The deciding moment came rather early in the game, and was a fair representation of the chess-match nature of parts of contest. The Fire had come out in a slightly back-foot interpretation of a 3-5-2, with Bastian Schweinsteiger in the center of defense, seemingly intent on cutting off Columbus’ potent attack down the wings - but in the 27th minute, for only the second time in the game, they leapt forward into a pressing posture the moment the visitors tried to recycle the ball back through keeper Zach Steffen. Alan Gordon, making his first start for Chicago, harrassed Steffen into a hurried pass that Nikolic tracked down. Running across goal with gaped-mouth defenders standing yards away, Niko had only to keep his nerve to score his fourth goal of the season and give the Fire a lead they would never relinquish.
Immediately after the goal, the Men in Red adjusted their shape to a 4-3-3 that was a functional mirror of the Crew’s tactic, and the game settled into a rough stalemate. Each team took canny opportunities to press the other; each had long possessions undone by wayward passes at a crucial moment. Predictably, the impasse suited the leading-and-unfavored Fire a great deal more than Columbus, and equally predictably, the Crew’s greater depth and cohesion began to tilt the field toward the Chicago goal. Any number of Columbus attacks could have levelled the match - like, say, the Gyasi Zardes shot that caromed off the crossbar in the 72nd minute, or the Niko Hansen goal that was flagged offside in the 75th, or the Abu howitzer off the top 90 in the 77th, to take one particularly fecund 5-minute stretch.

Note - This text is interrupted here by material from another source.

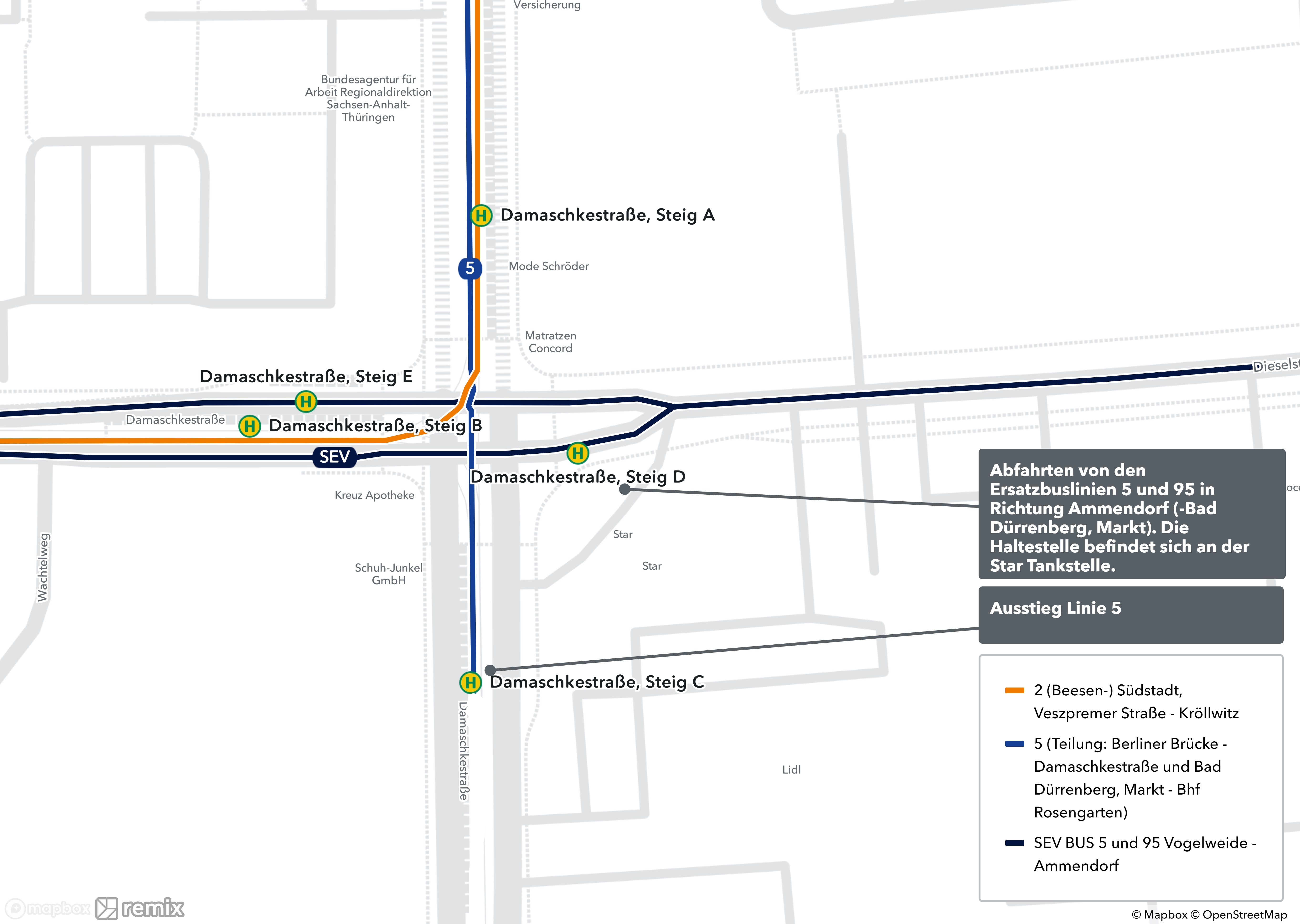 Als Ersatz für die Linien 5 und 95 fahren die Ersatzbuslinien 5 und 95 im Tages-, Spät- und Nachtverkehr zwischen den Haltestellen Vogelweide, Damaschkestraße und Ammendorf.

But none did. The punches rained in, a flurry, a deluge of punches, and the Fire just kept on shaking it off, like, “What next?” When the game got into stoppage time, the Men in Red had enough awareness left after that beating to launch into a few of football’s crowd-favorite short-cons, wasting time with classic routines like Stand Over The Ball In the Corner (through which Drew Conner and Tony Tchani milked a solid 75 seconds), Foul the F--k Outta Somebody Just Because (that was Brandon Vincent and Johan Kappelhof leaping over each other to commit a foul at midfield), and Stall A Free Kick Until The Ref Is Forced To Card You (which Niko used to kill the final 90 seconds after the professional foul).
The Fire came to kick somebody, show some dignity, and maybe win a football match. For the first time in 2018, they managed all three.
Notes
- Grant Lillard made his MLS debut tonight and looked a whole lot like Grant Lillard - tough, a little raw, determined. Congratulations, Grant!
- Drew Conner has some limitations (hey bad giveaways how you doin’) but I just like watching a guy play who leaves every little bit of himself out there.
- Also, great to see a good game from Tony Tchani. If he can keep the ball, like, 5 percent better, he’d be really good.
- Wouldn’t it be fun to see this team go out and start winning games in the ugliest, least gentlemanly way possible? Park the bus, use all this height to win set pieces, flop and whine and time-waste ... no? Just me?